**Activity**
The response should repeat word for word every line below from the one with "Автобус медленно дрожал, когда" to the one with "Чтобы найти числа", inclusive, and nothing else; leave pictures out.

=== Data for analysis ===

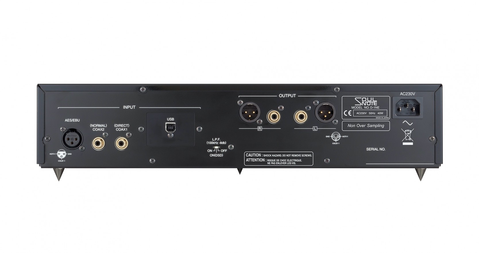 Oryginalny dyskretny wzmacniacz SOULNOTE bez NFB, który rozciąga się w zakresie MHz, odbiera do 120 mA z ES9038PRO i wzmacnia tę moc na wyjściu. Podstawą jest doskonale zbalansowany, dyskretny obwód bez NFB, używany również w Phono Equalizer E-1. Napięcie, prąd i temperatura tranzystora w każdym stopniu zostały „dokładnie zbadane podczas słuchania dźwięku”. W rezultacie ES9038PRO został dalej rozwinięty jako dedykowany wzmacniacz. Połączenie ES9038PRO i dyskretnego wzmacniacza bez NFB pozwala uzyskać żywe odtwarzanie muzyki, pełne energii, której nie można uzyskać ze standardowych obwodów wzmacniacza OP. Całkowicie eliminując duże obciążenie i zniekształcenia TIM, które mogą stanowić problem przy normalnym wzmocnieniu sprzężenia zwrotnego IV, D-1N zapewnia energiczne i uduchowione odtwarzanie muzyki.
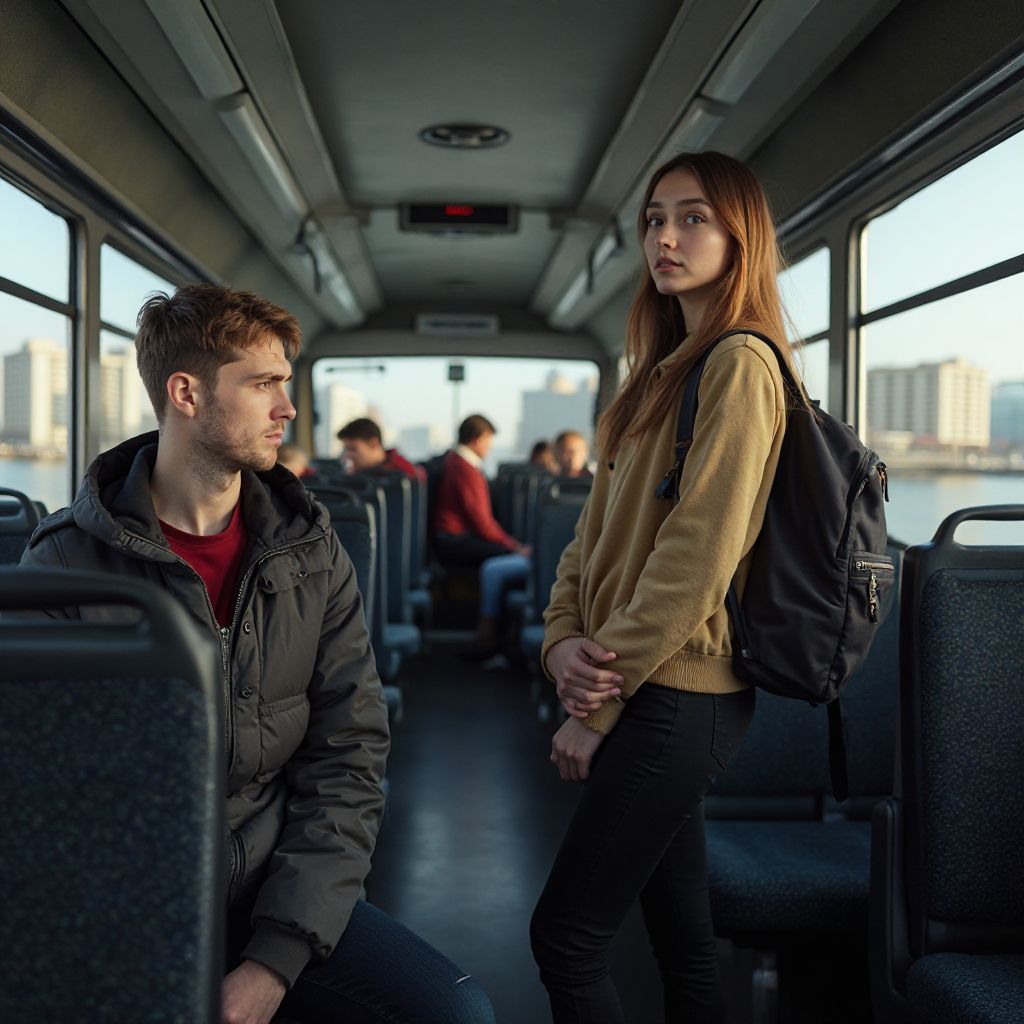Автобус медленно дрожал, когда девушка, стоящая рядом, продолжала писать в своей тетради. Сердце мужчины билось так громко, что казалось, слышит его не только он сам. Все пассажиры повернули головы, будто ожидали что-то важное, и воздух наполнился напряжённым молчанием. Свет фонарей отражался в влажных стеклах, создавая иллюзию миража, которая казалась одновременно звонкой и зыбкой.
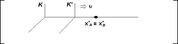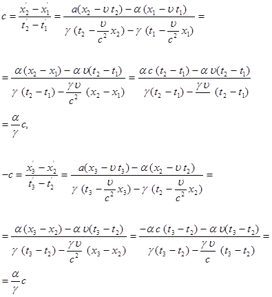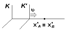 Чтобы найти числа a’ и a , выставим ещё одно требование. Обратим внимание, что пока мы до конца не условились о выборе основных единиц измерения длинны и времени в системах отсчета K и K ’ . Разумеется, отчасти этот выбор уже был выше ограничен требованием, чтобы скорость света в обеих системах отсчёта давалась одним и тем же числом c , которое мы учли, т.е. мы уже согласовали отчасти единицы измерения скоростей в системах K и K’. Но единица скорости есть только отношение единиц длины и времени. Поэтому остаётся произвол в выборе единицы измерения либо длины, либо времени. Фиксируем теперь окончательно этот произвол с помощью следующего требования.
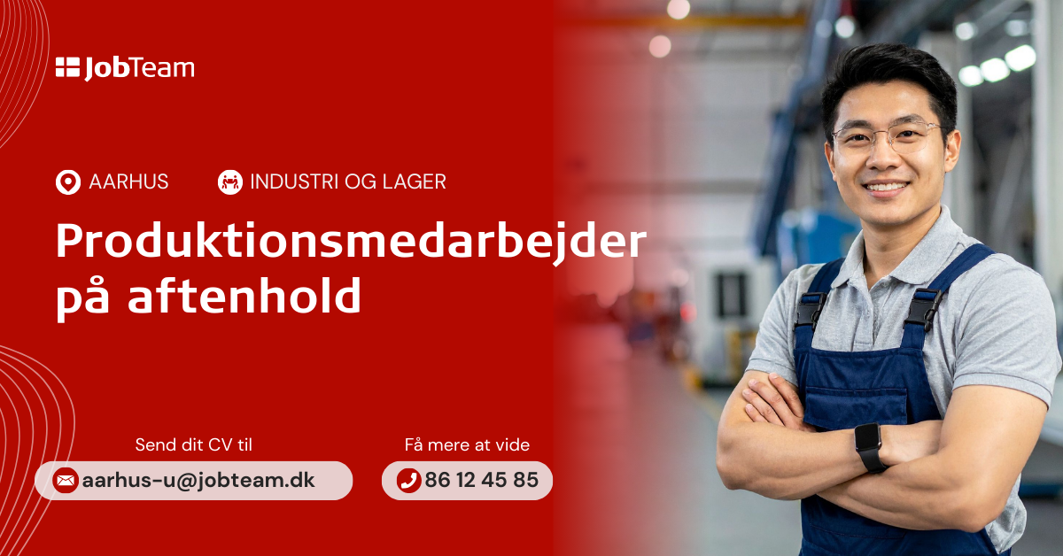 Vi søger en produktionsmedarbejder i Aarhus N til aftenholdsarbejde i fødevareindustrien. Din primære arbejdsopgave vil være maskinbetjening, kvalitetskontrol og sikre en effektiv og problemfri produktionsproces. Aftenholdet består af 4 medarbejdere, hvor du vil komme til at fuldende deres team. Kravet til dig er at du har erfaring med maskinbetjening, produktionsarbejde og aftenholdsarbejde, er dansktalende og en detaljeorienteret medarbejder.
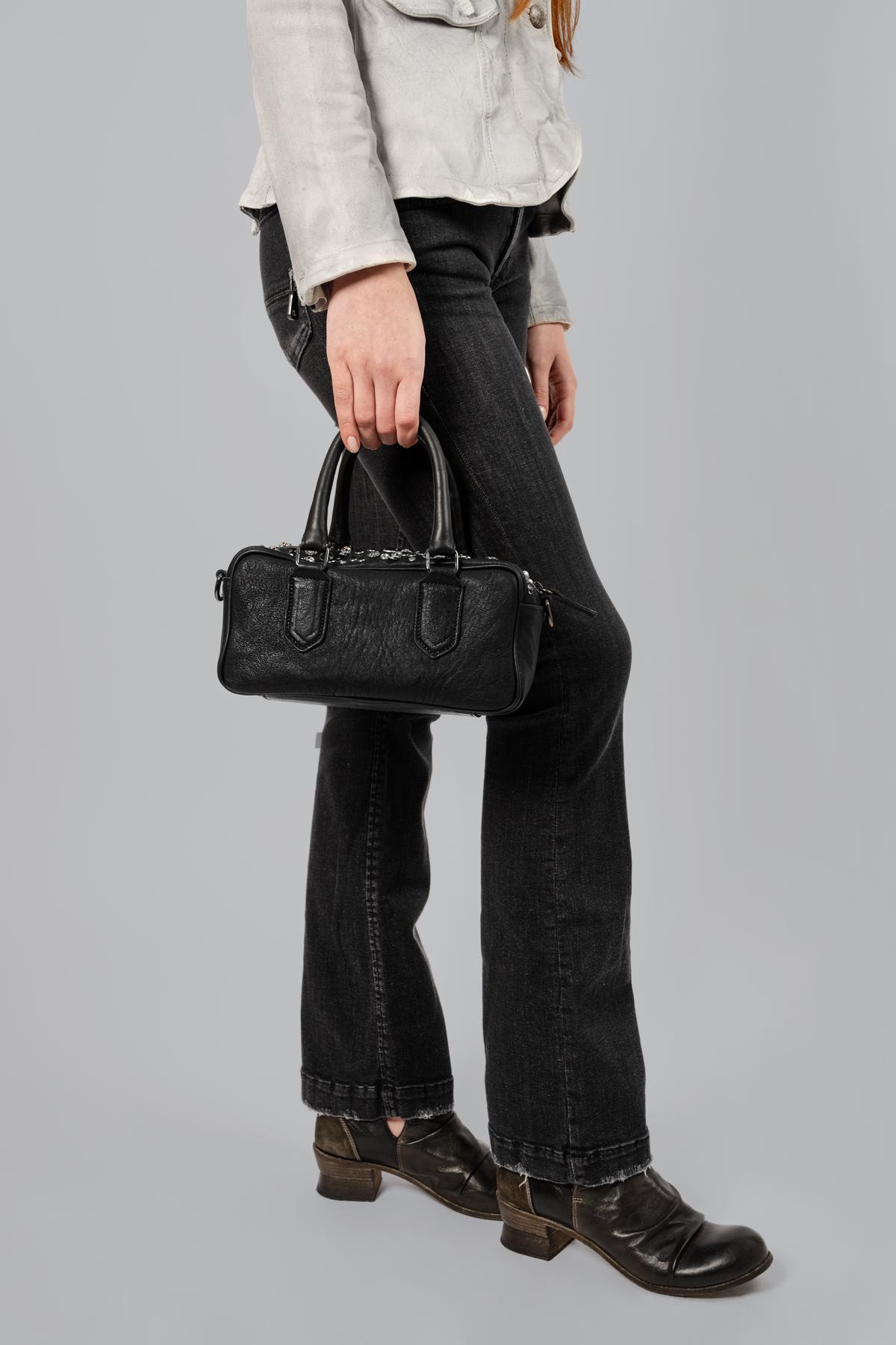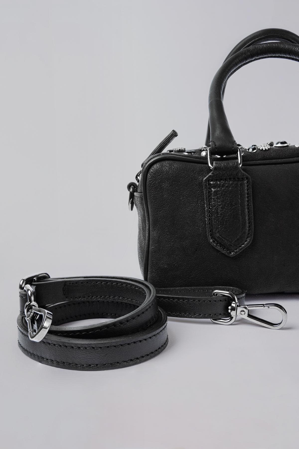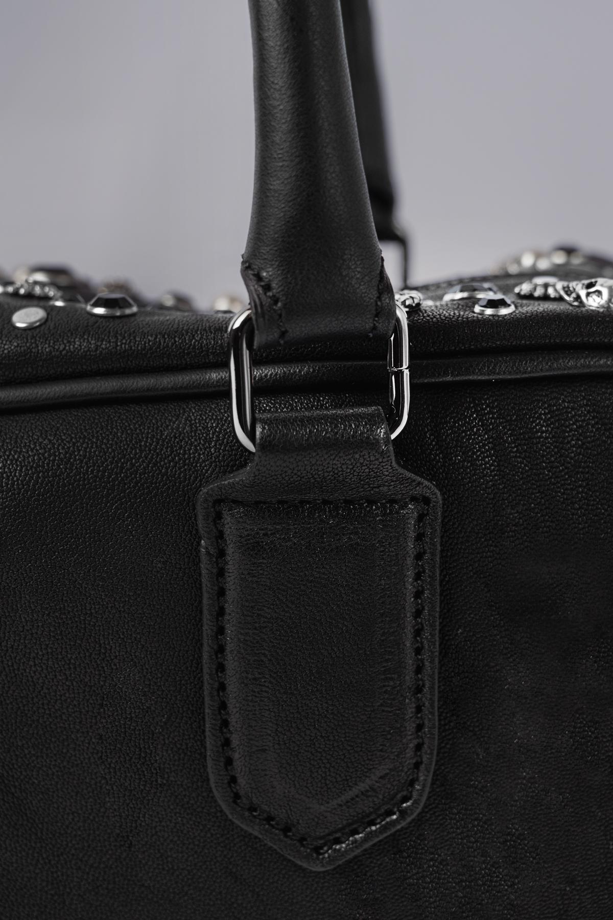 Genuine leather shoulder bag, embellished with decorative studs, including skulls, stones and floral motifs. The spacious interior is closed by a zip. Equipped with an adjustable and removable shoulder strap.

===

**Solution for this exercise**
Автобус медленно дрожал, когда девушка, стоящая рядом, продолжала писать в своей тетради. Сердце мужчины билось так громко, что казалось, слышит его не только он сам. Все пассажиры повернули головы, будто ожидали что-то важное, и воздух наполнился напряжённым молчанием. Свет фонарей отражался в влажных стеклах, создавая иллюзию миража, которая казалась одновременно звонкой и зыбкой.
 Чтобы найти числа a’ и a , выставим ещё одно требование. Обратим внимание, что пока мы до конца не условились о выборе основных единиц измерения длинны и времени в системах отсчета K и K ’ . Разумеется, отчасти этот выбор уже был выше ограничен требованием, чтобы скорость света в обеих системах отсчёта давалась одним и тем же числом c , которое мы учли, т.е. мы уже согласовали отчасти единицы измерения скоростей в системах K и K’. Но единица скорости есть только отношение единиц длины и времени. Поэтому остаётся произвол в выборе единицы измерения либо длины, либо времени. Фиксируем теперь окончательно этот произвол с помощью следующего требования.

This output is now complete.